Backward Compatibility
Old features are frozen. New features use the SSOT model.
Fallback rules:
- Agents check
docs/product/first (SSOT) - If
docs/product/doesn't exist, agents fall back todocs/feature/{id}/(old model) for that feature only - Once
docs/product/exists, agents never read old feature directories for SSOT information - Old features can still be referenced for historical context (ADR history, past decisions) but are not authoritative
First feature with SSOT:
When you run the first feature using the SSOT model, docs/product/ is created from scratch. Old feature documents are not imported. The SSOT starts clean and grows with each new feature.

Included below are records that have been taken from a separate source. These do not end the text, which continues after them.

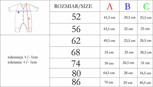 Zapinany wzdłuż całego ubranka na wygodne napy, by ułatwić przewijanie dziecka.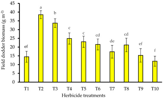 The effect of different herbicide treatments on field dodder biomass at second cutting of alfalfa. T1: imazethapyr at 100 g a.i. ha−1 + cytogate surfactant 0.5 vv−1, T2: glyphosate at 143 g a.i. ha−1 + ammonium sulfate at 8 kg ha−1, T3: glyphosate at 184 g a.i. ha−1 + ammonium sulfate at 8 kg ha−1, T4: glyphosate at 225 g a.i. ha−1 + ammonium sulfate at 8 kg ha−1, T5: glyphosate at 266 g a.i. ha−1 + ammonium sulfate at 8 kg ha−1, T6: glyphosate at 307 g a.i. ha−1 + ammonium sulfate at 8 kg ha−1, T7: glyphosate at 348 g a.i. ha−1 + ammonium sulfate at 8 kg ha−1, T8: propyzamide at 1250 g a.i. ha−1, T9: propyzamide at 1500 g a.i. ha−1 and T10: propyzamide at 1750 g a.i. ha−1. Error bars show the standard errors of the means. Main data bars with different letters were significantly different. LSD (p < 0.05) = 4.18.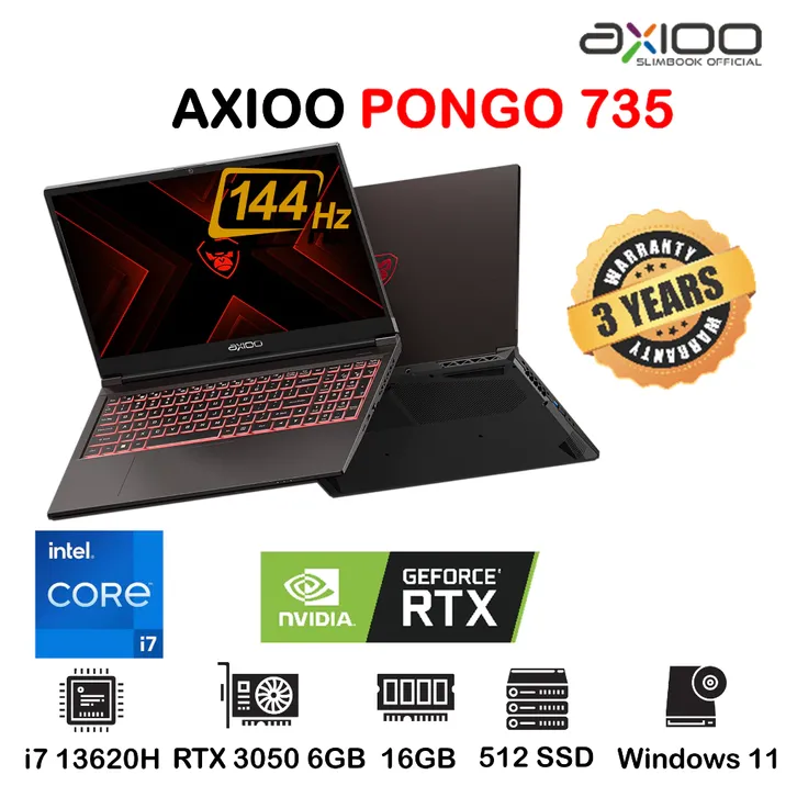 Laptop Gaming Axioo Pongo 735 Core i7 13620H (i7 Gen 13) RTX 3050 6GB Ram 16GB SSD 512GB Layar 15.6"FHD 144HZ Baru Resmi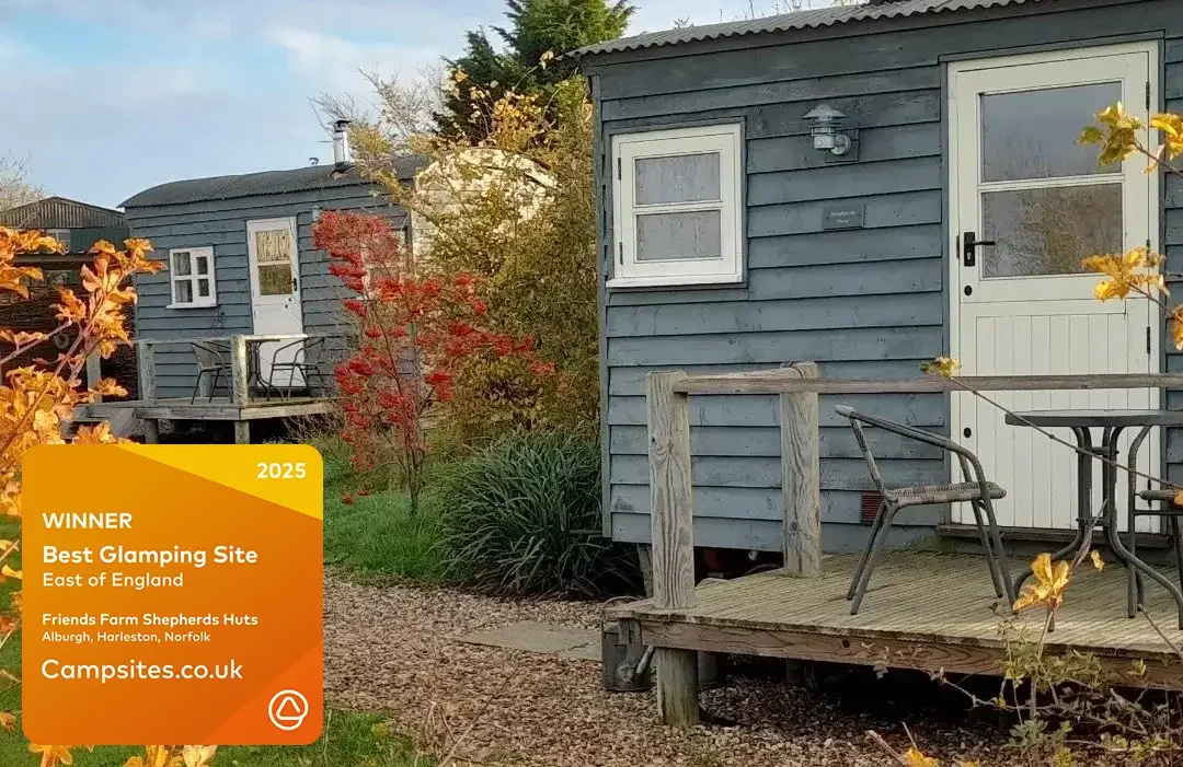 Two luxury self-catering shepherds huts set on a working smallholding in the beautiful Norfolk countryside.

Document Count: Before and After
| Wave | Old Count | New Count | Savings |
|---|---|---|---|
| DISCOVER | 4 | → SSOT | −3 |
| DIVERGE | 5 | → SSOT | −3 |
| DISCUSS | 12 | → SSOT | −10 |
| DESIGN | 4 | → SSOT | −2 |
| DEVOPS | 2 | → SSOT | −1 |
| DISTILL | 1 | 1 | 0 |
| DELIVER | 1 | 1 | 0 |
| Per feature | ~26 | ~6 | −20 |
The SSOT documents are written once and updated. Delta files serve only the current feature. Result: agents read ~77% fewer documents, token waste drops, and the single source of truth is always current.
Why This Matters for You
Before:
- You had to keep 26 documents in sync across teams
- Agents re-read everything on every feature
- No way to know which version of "architecture" was current
- Merge conflicts on the same file from different features
After:
- You maintain SSOT files as living products (like code)
- Each feature records what it changed in deltas
- Agents read current state from one place
- Merge conflicts happen at git merge time, with clear history of who changed what
The feature-brief gives humans a single place to review and approve before implementation starts.